After 172 years, George Wombwell’s visit to Windsor Castle is to be celebrated at a family event day at the Castle! Queen Victoria’s Circus will be a true family affair, with circus acts and stuffed elephants and even a lion tamer!

Date: Saturday, 14th September 2019

reproduced by kind permission of the copyright owner, 2019

A storyteller wil relive, on the very spot, the menagerie’s visit during 1847. Lots of events and children can also join the circus for a day! I trust you know somebody that might want to attend, especially if they have never been to Windsor Castle. It’s all included in the standard price tickets.

A programme is being produced which includes the above image. I have permission to reproduce it here. It is a very rare image of the day at Windsor Castle in 1847. I’ve only ever seen one in many years of searching for it.

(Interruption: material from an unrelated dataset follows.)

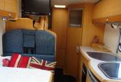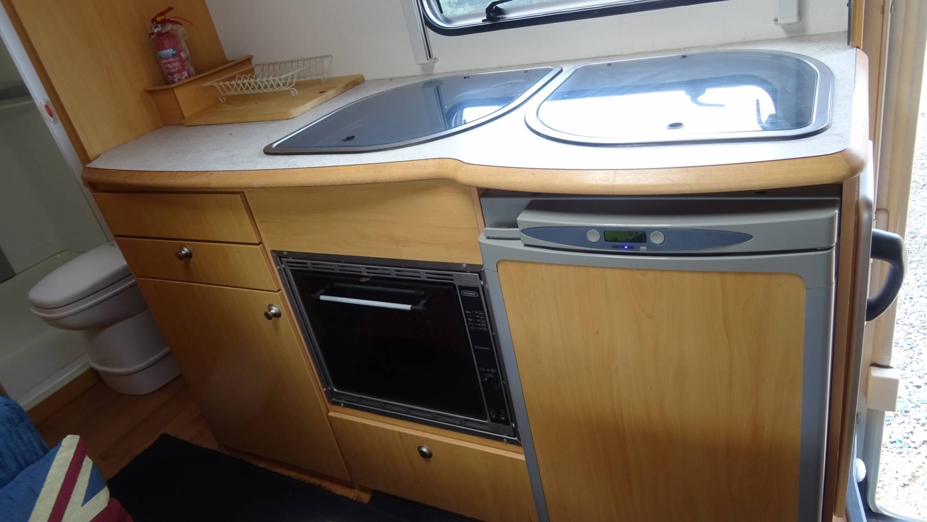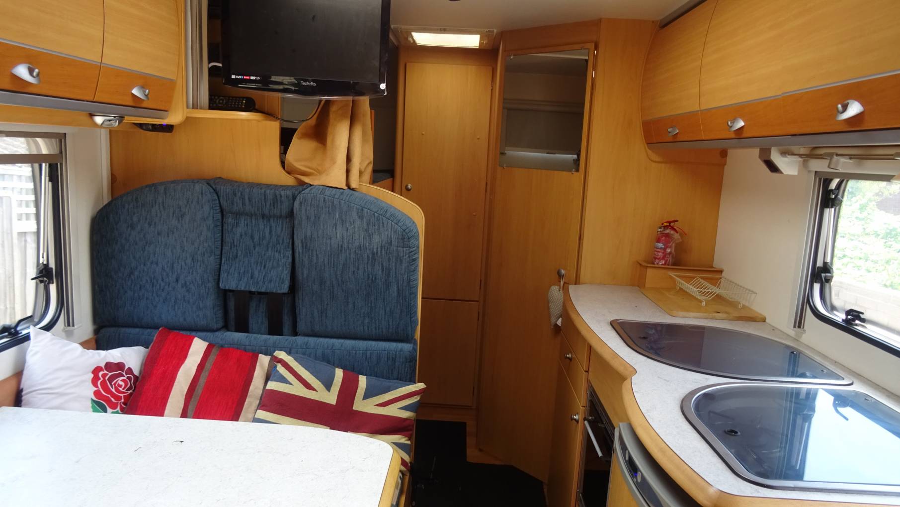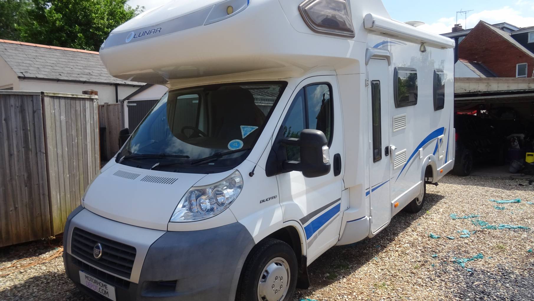 For sale - Lunar Champ A531 2.3L Manual Diesel 6 berth motorhome with 4 seat belts an overhead cab bed, side installed bunk beds and a dinette that converts to the remaining double bed. This is a great family motorhome with plenty of storage space for all that holiday equipment including the clever side locker which increases in volume with the lower bunk raised. The side fitted bunks allows for a larger washroom situated at the rear of the vehicle which includes a seperate shower with sliding door, a Thetford swivel toilet and a round stainless steel wash basin with mixer tap. The kitchen, to the right as you enter the habitational area, has a combined oven and grill, 3 ring gas hob, single bowl sink and a Thetford fridge with freezer compartment. The dinette opposite the kitchen will seat four and converts to a double bed and has two forward facing three point passenger seat belts. A cabinet located bracket mounted TV/DVD player is positioned above the dinette which can also be viewed from the swivel front passenger seat. The drivers cabin is equiped with a Pioneer radio/cd player, central locking, electric windows and driver's air bag. The motorhome also has fly screens and blinds in the habitational area, Truma combi boiler for heating and hot water, usb charge points, a sunroof and loads of low level and airline style overhead lockers for storage, not to mention a large wardrobe at the back. Externally you have a Fiamma F45 Awning, a bike rack for 3 bikes, a directional radio/TV aerial, a solar panel (dual battery charge) and a huge side locker. The Lunar Champ has travelled only 27,579 miles, has had a hab check and service in December 2019 , is MOT'd until June 2022 and the owner is happy to arrange a service for the Lunar, when a sale is agreed.

I think George Wombwell would appreciate the involvement of children as it was his wish to let everyone see the beasts of the wild, no matter how poor they were at the time. There are many instances of newspaper reports of George allowing whole school classes in to see the menagerie for free.

The website is here

Oxford Dictionary of National Biogrpahy

I received a reply to my campaign to get the Dictionary upated, in view of the recently released biography (Vols I and II). It is reproduced here. At last,I feel we are getting the nation to change their view on George Wombwell’s life. Of course, I have no way of knowing when and ‘if’ the Dictionary will be updated. You can be assured that I will continue the campaign if they do not take into account the contents of the premier biography of George Wombwell, celebrated Menagerist.